◆ **To do**
An exact restatement of the data is required, with the images omitted.

◆ **Dataset section**

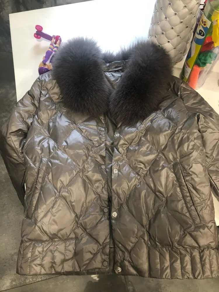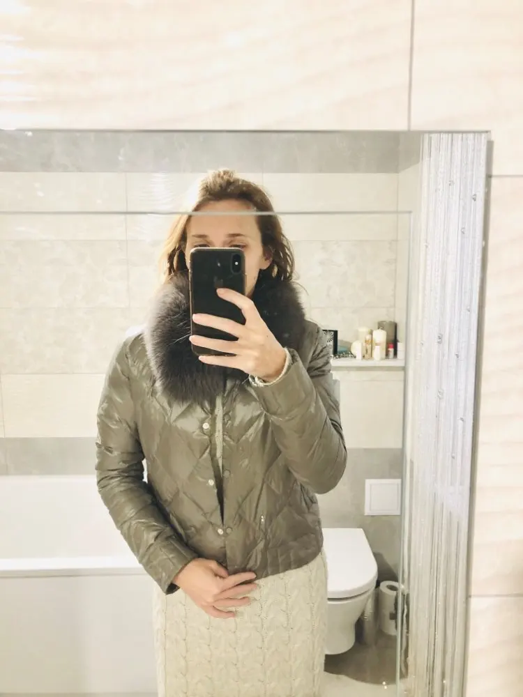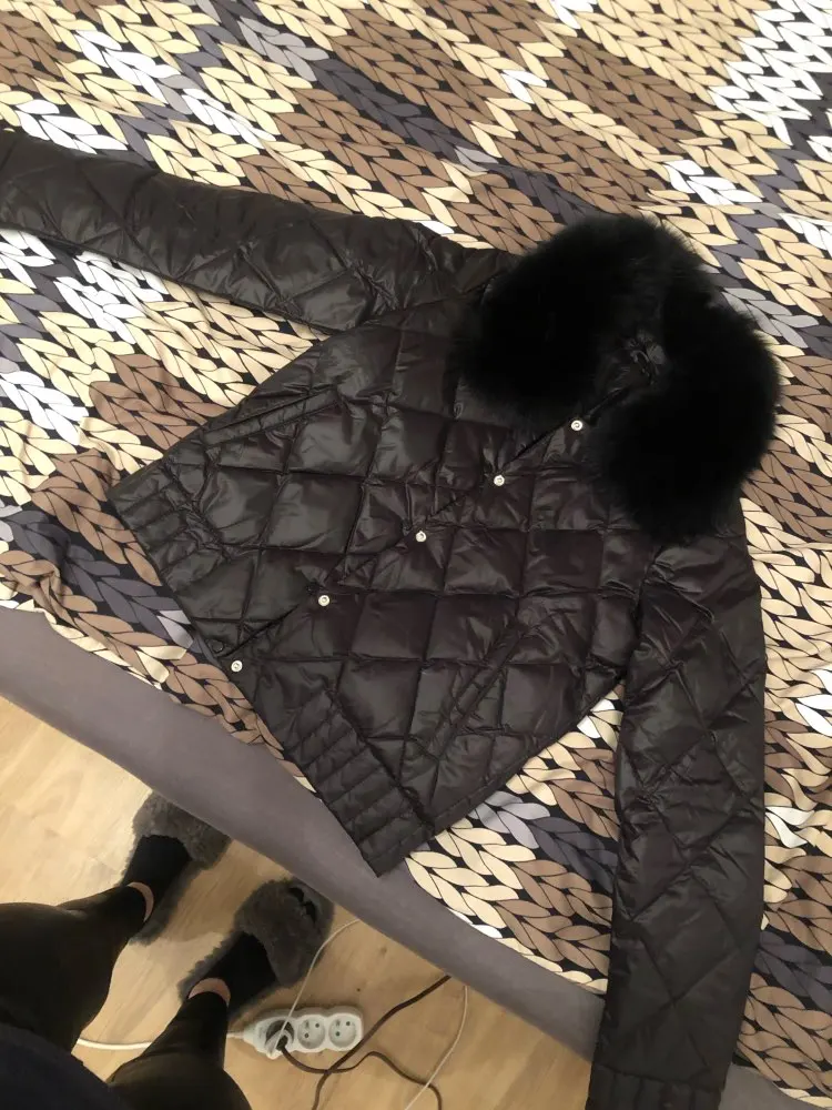 FTLZZ женский пуховик с натуральным воротником, зимний теплый ультра-светильник, короткая куртка, белая парка на утином пуху, элегантная верхн...
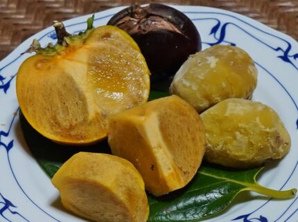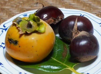 栗は非常に甘味がありよく熟れている。いっぽう柿は渋みが無いものの甘さはいまいち。もう少し待った方が良いかもしれない。
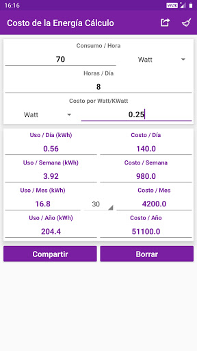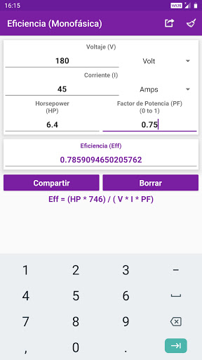 Mi Calculadora Eléctrica contiene 45 calculadoras, que puede rápida y fácilmente calcular diferentes parámetros eléctricos. Cálculos y conversiones automáticas con cada unidad y el valor cambia. Valores calculados y los resultados se pueden compartir en redes sociales, correo, mensajes y otras aplicaciones para compartir. A debe tener utilidad.
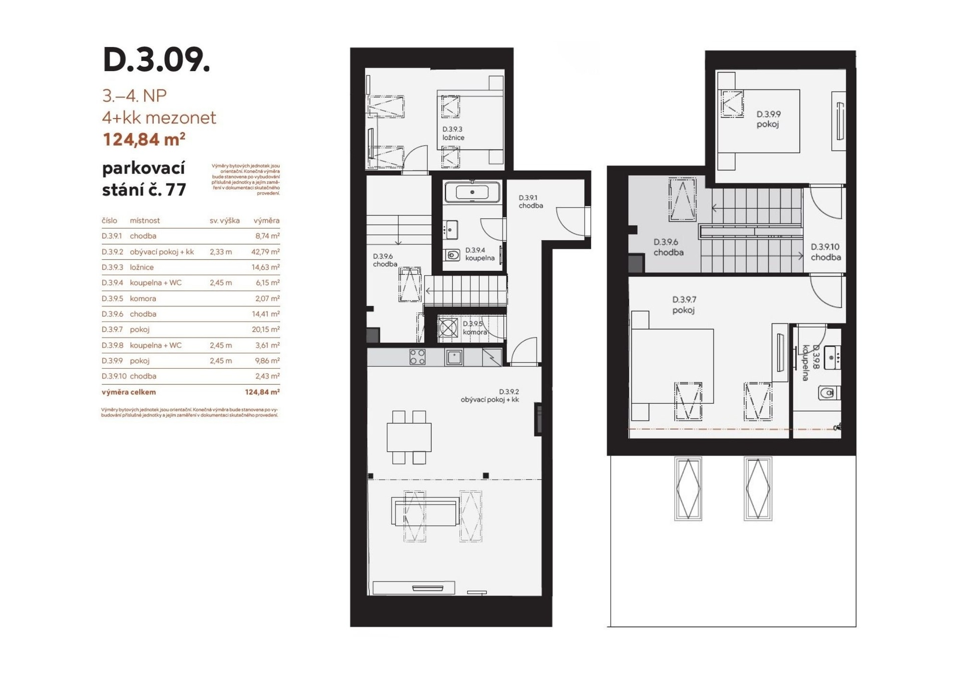 Byt o rozloze 124 m² spojuje kvalitní provedení s funkčností a nabízí tak skvělou možnost jak pro vlastní užívání, tak k investici. Interiér zahrnuje vstupní chodbu, obývací pokoj s přípravou pro kuchyňskou linku, tři ložnice, dvě koupelny z toho jednu s vanou a druhou se sprchovým koutem a komoru. Jednotka je vybavena ve vyšším standardu sanitou Laufen, kvalitními bateriemi značky Grohe a podlaha z masivního dřeva. Vstupní dveře splňují bezpečnostní třídu 3 pro maximální bezpečnost. Součástí bytu je také příprava na instalaci předokenních žaluzií. Fotografie jsou pouze ilustrativní.

◆ **Response box**
 FTLZZ женский пуховик с натуральным воротником, зимний теплый ультра-светильник, короткая куртка, белая парка на утином пуху, элегантная верхн...
 栗は非常に甘味がありよく熟れている。いっぽう柿は渋みが無いものの甘さはいまいち。もう少し待った方が良いかもしれない。
 Mi Calculadora Eléctrica contiene 45 calculadoras, que puede rápida y fácilmente calcular diferentes parámetros eléctricos. Cálculos y conversiones automáticas con cada unidad y el valor cambia. Valores calculados y los resultados se pueden compartir en redes sociales, correo, mensajes y otras aplicaciones para compartir. A debe tener utilidad.
 Byt o rozloze 124 m² spojuje kvalitní provedení s funkčností a nabízí tak skvělou možnost jak pro vlastní užívání, tak k investici. Interiér zahrnuje vstupní chodbu, obývací pokoj s přípravou pro kuchyňskou linku, tři ložnice, dvě koupelny z toho jednu s vanou a druhou se sprchovým koutem a komoru. Jednotka je vybavena ve vyšším standardu sanitou Laufen, kvalitními bateriemi značky Grohe a podlaha z masivního dřeva. Vstupní dveře splňují bezpečnostní třídu 3 pro maximální bezpečnost. Součástí bytu je také příprava na instalaci předokenních žaluzií. Fotografie jsou pouze ilustrativní.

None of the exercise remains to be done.